One of the most diverse and lively neighborhoods in the country, Chicago’s BOYSTOWN has something for everyone. So it’s no wonder that Jesse Morgan and Cole O’Brien chose to live there upon graduating from college. Ready to begin the next phase of their lives in an exciting new city, Jesse and Cole quickly find themselves at the center of a new group of friends.

Joyelle and Derek Mancini have been happily married for years, but Derek is harboring a secret that could tear them apart. Derek’s brother Emmett is about to discover that his boyfriend Keith Colgan has a past that will haunt them both. Long time couple Logan Pryce and Max Taylor must face a crisis that neither of them expected. And, before they realize it, Jesse and Cole find themselves at the center of it all in the adult playground known as BOYSTOWN.


Let’s skip the synopsis for a moment and talk about BOYSTOWN from the perspective of a television producer looking for a hot new vehicle for a budding Gay Cable Channel. And let’s say that producer is moi. I scan through the first couple of chapters, and I’m immediately gripped by a potential cast of characters who bring eroticism, angst, brio, èlan, attitude, insecurity, infidelity and over-the-top hotness that on a good day would rival mainstream Dallas, Brothers and Sisters, Revenge, etc. And today is a very good day.

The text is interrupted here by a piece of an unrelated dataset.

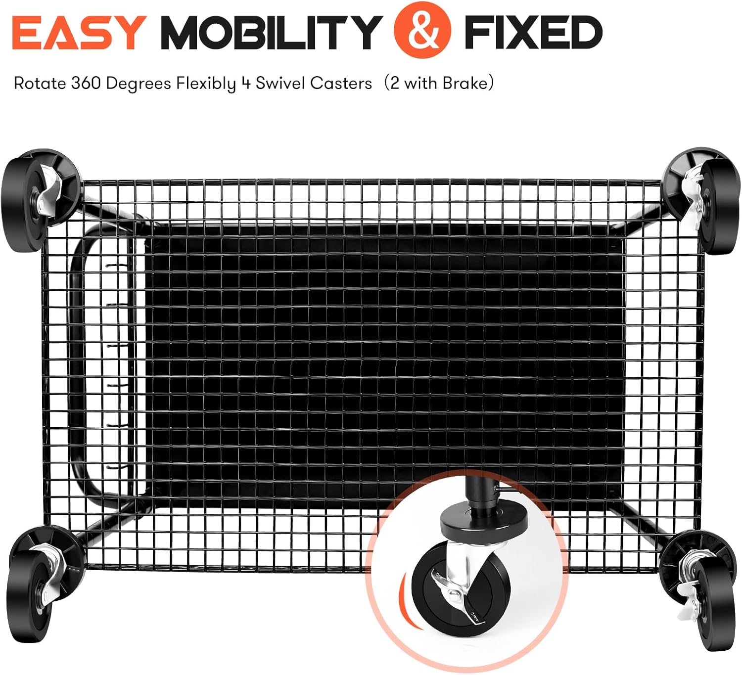 - 360° Silent Casters: The 2 tier rolling storage cart is designed with 4 silent casters; it transports heavy loads swiftly and smoothly. include 2 fixed locks wheels can hold the wire utility cart firmly in place for added stability.

I think you can see what’s coming. BOYSTOWN has a unique narrative form: a cross between a traditional screenplay with 95% dialog and minimalist set design and direction, and a sparse narrative flow that has a distinct linear quality, but again, heavy on dialog and with just enough detail that set directors could easily re-imagine the few locations where the bulk of the action occurs (condos, coffee shop, office, etc).

Another clue that you, the reader, might have wandered into uncharted territory is how the author labels each “chapter” as an episode. And each “episode” carries a theme set up by the first paragraph or two, then reiterated in the last couple of sentences, bookending a series of acts within a miniplay. The bridges between acts are of the “meanwhile, back at the condo” variety, and it turns out it’s a very effective way to redirect the reader from one scene to the next (or sometimes one cliffie to the next).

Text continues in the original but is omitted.